Aaron Zaliponi, an Army combat veteran turned sniper, recalled thinking: “I just got you,” as he struck Thomas Matthew Crooks with a bullet, slowing his salvo of gunshots that struck the president and killed one person in the crowd on July 13 last year at the Pennsylvania rally.
The 46-year-old, a police sergeant with the rural Adams Township who serves on the county SWAT team, is convinced that his single shot is what saved more lives that day, he told The Washington Post. He believes his bullet hit Crooks’ gun or the man himself, delaying more shots, before a Secret Service sniper delivered the fatal shot on the would-be assassin.
Officials, including Butler County’s district attorney, the county’s SWAT team commander and Congressman Clay Higgins, who investigated the assassination attempt, agree that “the ninth shot stopped Crooks from firing again.”
A bullet grazed Trump’s ear as Secret Service agents bundled him to the ground after 20-year-old Crooks opened fire at the campaign rally. Two others were injured and one of his bullets killed rallygoer Corey Comperatore.
Zaliponi, a father of two, recollected standing in the open field about 115 yards away from Crooks, between him and the rally stage. “There you are,” Zaliponi recalled thinking as he spotted the gunman on the roof of a warehouse.
He took out his M4 SWAT rifle, aligned the red dot of its scope with the gunman’s chin and fired just once.
Crooks “jerked hard to the right and slumped over his weapon,” Zaliponi told The Post. “It wasn’t like he was ducking or flinching. Something smacked him. Whether it was my round hitting the buttstock or the buttstock exploding in his face, I know I hit him.”
Crooks didn’t fire again.
The 6-foot-3 police sergeant revealed that he only ended up being posted in a red barn to the north of the rally stage because he lost a coin toss.
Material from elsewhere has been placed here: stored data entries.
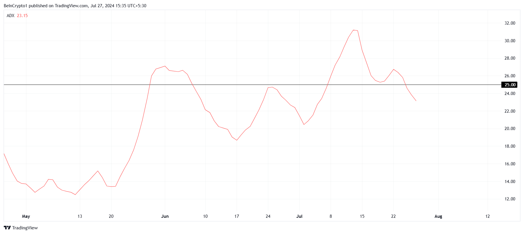 WIF-hinta yrittää saavuttaa merkittävän rallin, jolla meemikolikko oli ennen kuin se suistui raiteiltaan laajempien markkinavihjeiden vuoksi. Tämä näkyy keskimääräisen suuntaisuusindeksin (ADX) muutoksessa, joka on alle 25.0 kynnysarvon.
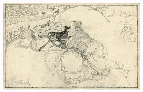 Bei den Bildern, die Prof. Paul Lang-Kurz während seiner Zeit als Gefreiter im württembergischen Gebirgs-Bataillon (1915-1918) anfertigte, handelt es sich vorrangig um Bleistiftzeichnungen, vereinzelt auch um Pastellkreidearbeiten, mit denen er den Lageralltag an der Front einzufangen versuchte. Hierbei entstanden vor allem Portraitstudien von Kameraden, aber auch Bilder vom Leben der Soldaten in der Etappe und den Kampfgebieten in Frankreich, Rumänien und Italien. Ergänzt wird das Spektrum seines Schaffens durch zahlreiche Illustrationsentwürfe für die Feldzeitung des Gebirgs-Bataillons.
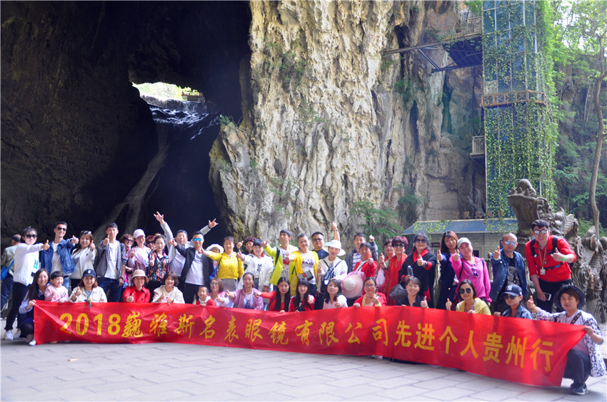 貴州的名山勝景,造就了“爽爽的貴州、避暑的天堂”,走進貴州綠水青山帶來的清新空氣無不讓人心曠神怡,這是巍雅斯名表眼鏡有限公司2017年度先進工作者之旅的目的地。來自臨洮、蘭州、西安、銀川、西寧等公司的優(yōu)秀工作者相聚在美麗的貴州,在熱情好客的貴州導(dǎo)游帶領(lǐng)下,大家在一路歡聲笑語中游覽了著名的地球腰帶上的綠寶石-荔波小七孔、天下第一苗寨—西江千戶苗寨、中國四大名著西游記的取景地,天星橋、陡坡塘瀑布、中華第一瀑-黃果樹瀑布、中國AAAAA級風(fēng)景名勝區(qū)-龍宮,中國規(guī)模較大的城市森林公園-黔靈公園,每走到一處當(dāng)?shù)氐拿矫?,讓人仿佛感覺走在畫卷中,流連忘返。游玩美景美景的同時又體驗了舌尖上的美味-凱里酸菜魚,貴陽腸旺面、絲娃娃等一系列美食,豐富的美食讓大家大飽口福。飯后欣賞了當(dāng)?shù)鬲氂?、純樸的民族舞蹈及歌聲,體驗帶有民族特色的祝酒歌舞。
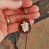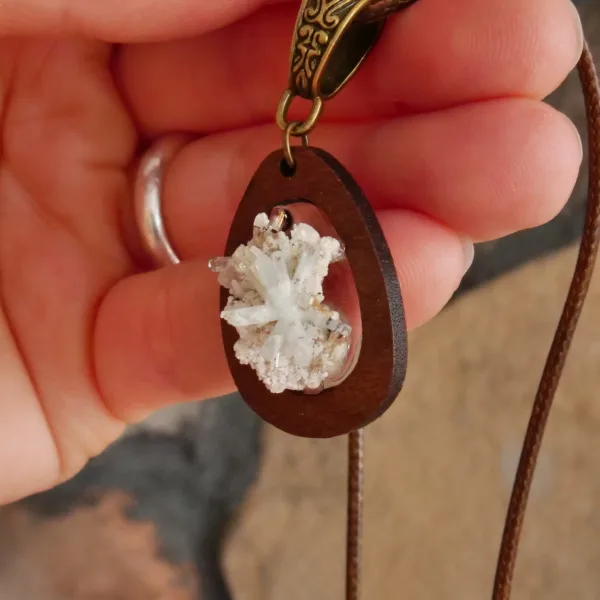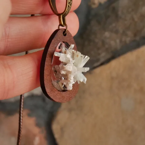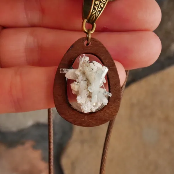This unique and stunning necklace was handmade by an artisan in KwaZulu-Natal, South Africa. This pendant features a delicate cluster of perfectly terminated aquamarine rods affixed to a hand cut wood setting. Hanging from a 16″ waxed cord, this necklace is a truly one of a kind. The local artisans of South Africa have a unique and organic style, and I am proud to support their industry and offer these in the shop.
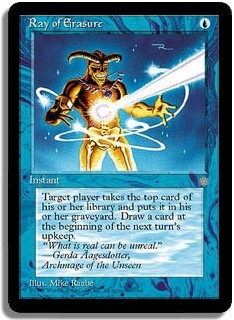 Target player takes the top card of his or her library and puts it in his or her graveyard. Draw a card at the beginning of the next turn's upkeep.
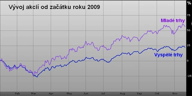 Akciové trhy rostou úctyhodně. Vyspělé trhy rostou od března až o 60 procent, mladé trhy přes 100 procent. Cena ropy je o 150 procent výš než loni v prosinci. Zlato je na historických maximech a ceny domů v Číně rostly v říjnu nejrychleji od srpna 2008.
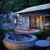 在院子溫泉旁放置一塊拙石,頗有別樣的禪意
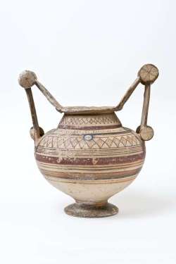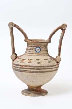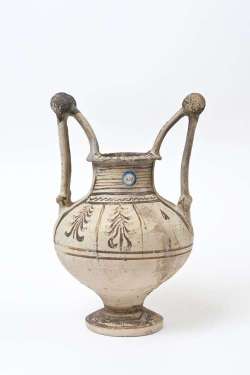Trozzella in ceramica messapica con motivo vegetale e anfora
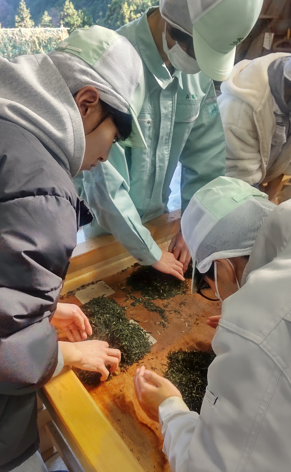 今回の茶手揉み体験会に合わせて、ワーク3の学生が中心となってこの体験会に4名の留学生を招くという企画を練りました。農家さんたちが大代地区で今後も茶生産を継続していくためには茶の販売価格の向上が不可欠ですが、現在、お茶の海外需要が伸びていることから、静大の留学生を大代地区に招いてお茶や地区を体験してもらい、どのような魅力を感じたのかを聞かせてもらおうと考えたのです。
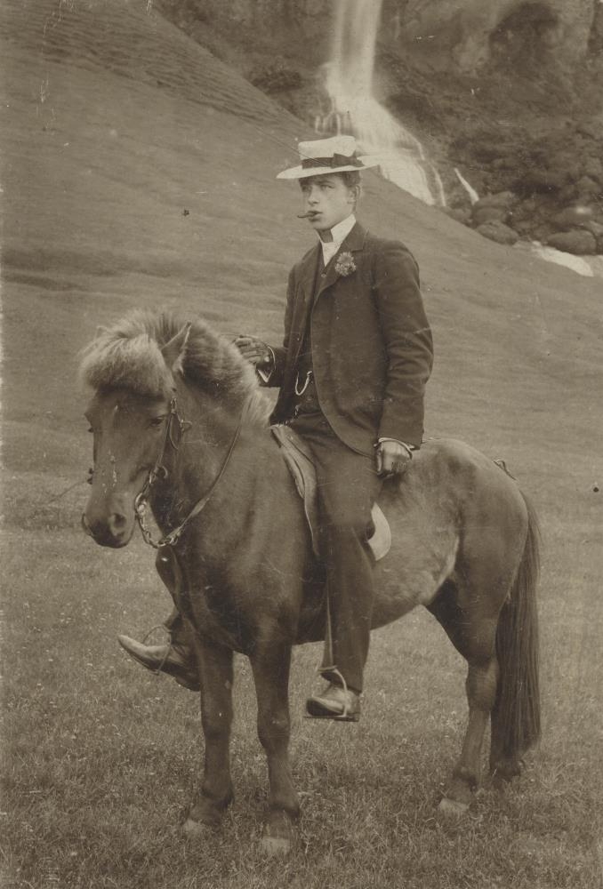 Helgi Helgason Bergs á hestbaki við Foss á Síðu.
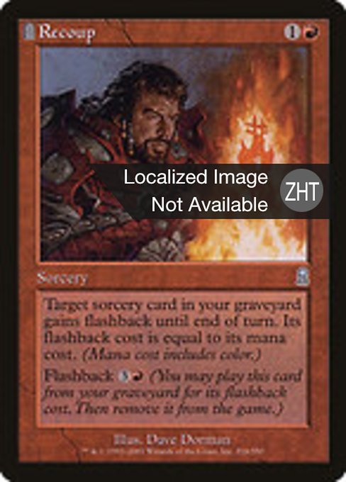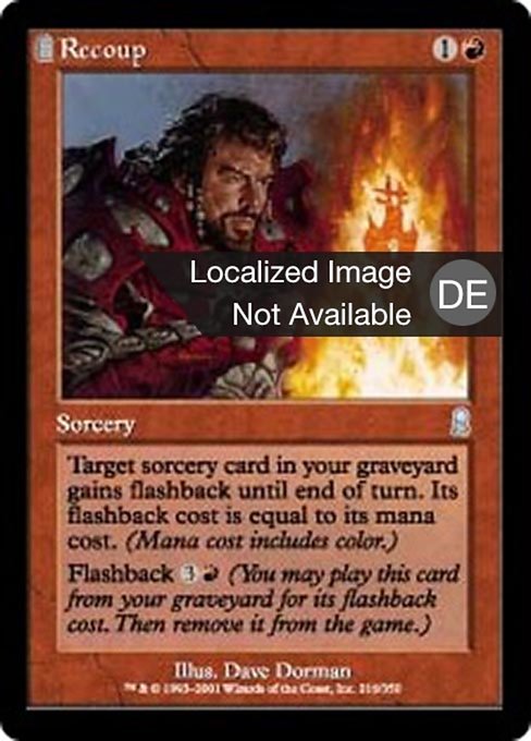 |  Variations— Parts— | RecoupTarget sorcery card in your graveyard gains flashback until end of turn. The flashback cost is equal to its mana cost. (Mana cost includes color.) Flashback
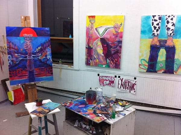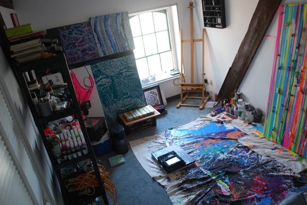 Generally there is music flowing throughout the space which helps me to let go of my chattering brain and enter into a more intuitive state as I approach the paints. There is a great couch for napping, reading and daydreaming. There is a small kitchen for food and coffee breaks and lots of other artists in the building for feedback and stimulation, although most of the time I prefer to work in solitude and let the paintings guide and instruct me.
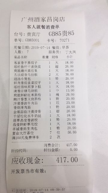 来广州最让我期待的就是吃广州酒家,为了感受广州地道的早茶文化,爱睡懒觉的我也是气的好早。 进门的时候里面人好多,是我喜欢的氛围,很多老广在这里吃早茶。广东的早茶让你觉得世上不止苟且,还有人家烟火。 很干净,人真多还很干净很难得,因为我们是三个人,只剩下大桌子了,所以需要拼桌。 茶位费每人都要收的。 蒜香豉汁排骨很嫩 肠粉很爽滑 萝卜糕里面很大颗干虾仁 榴莲酥很惊艳,喜欢吃榴莲的一定不要错过。 毕竟是上市公司,服务是到位的。 价格倒是很实惠,人均:100¥左右 TIPS: 1. 早茶时段,菜单上有些菜是不能点的。
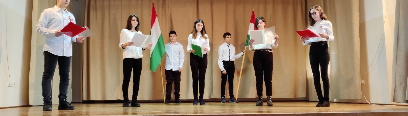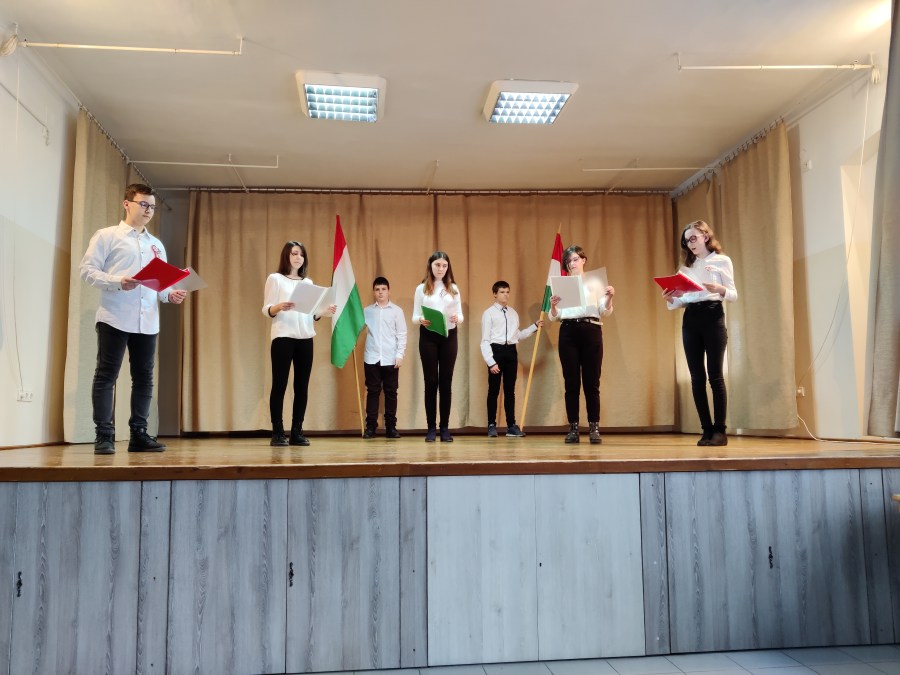 A Fényi István Általános Iskola 5-8. osztályos diákjait, Tímár Asztrik OFM plébánost és Erdős Csaba tiszteletest, valamint a hivatalnokokat Török Tamás iskolaigazgató köszöntötte a kultúrházban otthonra lelt ünnepi műsor nyitányaként. A 173 éve történtek jelentőségét emelte ki a hallgatóságának a történész végzettségű pedagógus. A továbbiakban hetedik osztályos diákok alkalomhoz illő, a mai fiatalokhoz is szóló műsor-összeállítással kedveskedtek, ezt Lászlóffy Csaba Zsolt magyar szakos tanár állította össze, és ő is készítette fel az amúgy módfelett ügyes tanulókat.
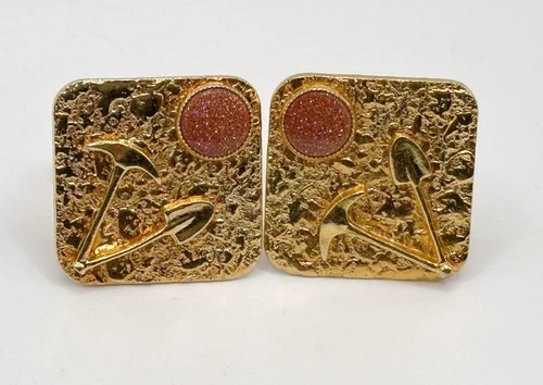 Goldtone Shovel Pickaxe Goldstone Cufflinks
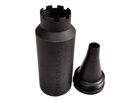 Практично повністю усуває спалах під час пострілу. Не дає засвічення при використанні нічних прицілів.
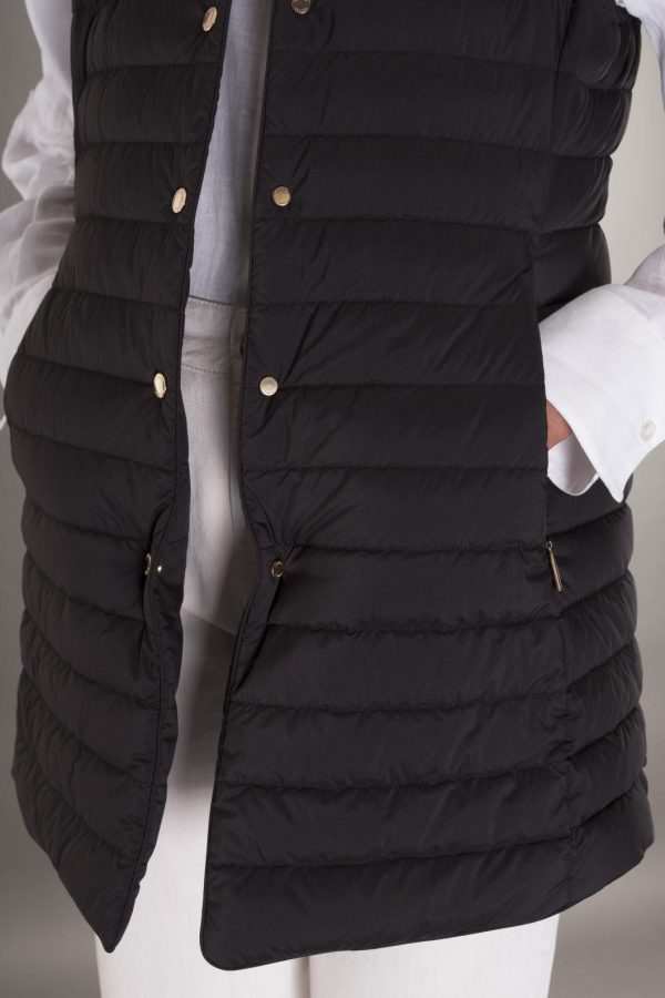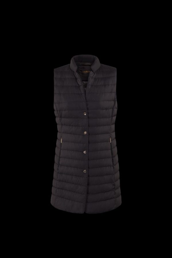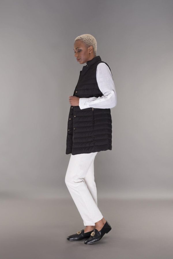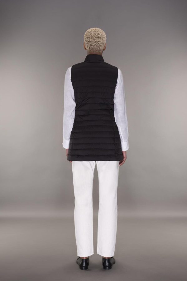 Long vest from the Acqua line (1 umbrella), quilted in boudin style and padded with goose down. Made from an extremely lightweight, matte down-proof fabric with an appearance similar to silk-like fabrics, with a subtle surface crumple effect that gives the garment its unique character.

His colleague won the coveted position of joining the federal counterassault team to stay close to Trump during the visit.
As the crowd was restlessly waiting for the president to appear, a local officer pointed out Crooks as one of four people behaving suspiciously, Zaliponi recalled. “Just keep an eye on him,” Zaliponi said he told the officer. “Let me know what’s going on.”
About 20 minutes before Trump went onstage, an alert came over the radio about a young male “lurking around” the warehouses belonging to local business Agr International.
Police lost sight of Crooks and called in more officers to track him down, according to transcripts obtained by The Post.
Zaliponi and members of the SWAT team left their positions in the barn and looked towards the Agr building, he told The Post.